I'll leave my code out for the moment since I don't feel its necessarly helpful, please tell me if I'm wrong.
If you find a second to think about the problem and give me feedback in any way that would be greatly appreciated.
I feel like iterating over all possible branches before placing a number to check if it contains the same numbers is a huge timesink. So i fiddled around with something like this which at least improves on space complexity a little bit. Unfortunatley removing duplicate elements is still very time consuming and whilst adding speed when having similar elements in the arrays it is a huge bottleneck when those elements are different.

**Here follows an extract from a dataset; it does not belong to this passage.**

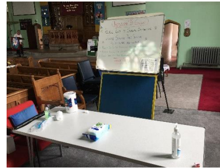
Ref No: 4

It is most important to ensure that all congregants take these actions: Upon entry, get signed in, use hand sanitiser AT THE DESK, accept a 'wet wipe' and use it to clean their chosen seating place by wiping the hand rail on the pew immediately in front of them as well as the actual seat, remove the wipe to a bin upon leaving and use hand sanitiser before leaving the building.

public static ArrayList<Integer[]> createMultiples(int[][] input) {
if (input.length == 0) return null;
int count = 0;
ArrayList<Integer[]> multiples = new ArrayList<Integer[]>();
for (int val : input[count]) {
Integer[] thisvals = new Integer[input.length];
thisvals[count] = Integer.valueOf(val);
multiples.add(thisvals);
}
if (count + 1 == input.length) return multiples;
return createMultiples(multiples ,input, ++count);
}
public static ArrayList<Integer[]> createMultiples(
ArrayList<Integer[]> multiples, int[][] input, int count) {
ArrayList<Integer[]> newBranches = new ArrayList<Integer[]>();
for (int val : input[count]) {
for (int i = 0; i < multiples.size(); i++) {
Integer[] trunk = multiples.get(i);
if (!arrContains(trunk, Integer.valueOf(val))) {
if (trunk[count] == null) trunk[count] = Integer.valueOf(val);
else {
Integer[] newBranch = trunk.clone();
newBranch[count] = Integer.valueOf(val);
newBranches.add(newBranch);
}
}
}
}
for (Integer[] branch : newBranches) multiples.add(branch);
multiples = removeDuplicatePaths(multiples);
if (count + 1 == input.length) return multiples;
return createMultiples(multiples, input, ++count);
}
public static ArrayList<Integer[]> removeDuplicatePaths(ArrayList<Integer[]> arrList) {
ArrayList<Integer[]> retList = new ArrayList<Integer[]>();
loop: for ( int i = 0; i < arrList.size(); i++ ) {
//get element
Integer[] toEval = arrList.get(i);
//sort element
Arrays.sort(toEval, new Comparator<Integer>() {
@Override
public int compare(Integer o1, Integer o2) {
if (o1 == null && o2 == null) {
return 0;
}
if (o1 == null) {
return 1;
}
if (o2 == null) {
return -1;
}
return o1.compareTo(o2);
}});
//check if element is in new list
for ( int j = 0; j < retList.size(); j++ ) {
if (Arrays.equals(retList.get(j), toEval)) continue loop;
}
retList.add(toEval);
}
return retList;
}
回答1:
You are right, saving all the branches is going to take a lot of space and is complicated. You really only need the sums at the end. Could you save something besides all the branches?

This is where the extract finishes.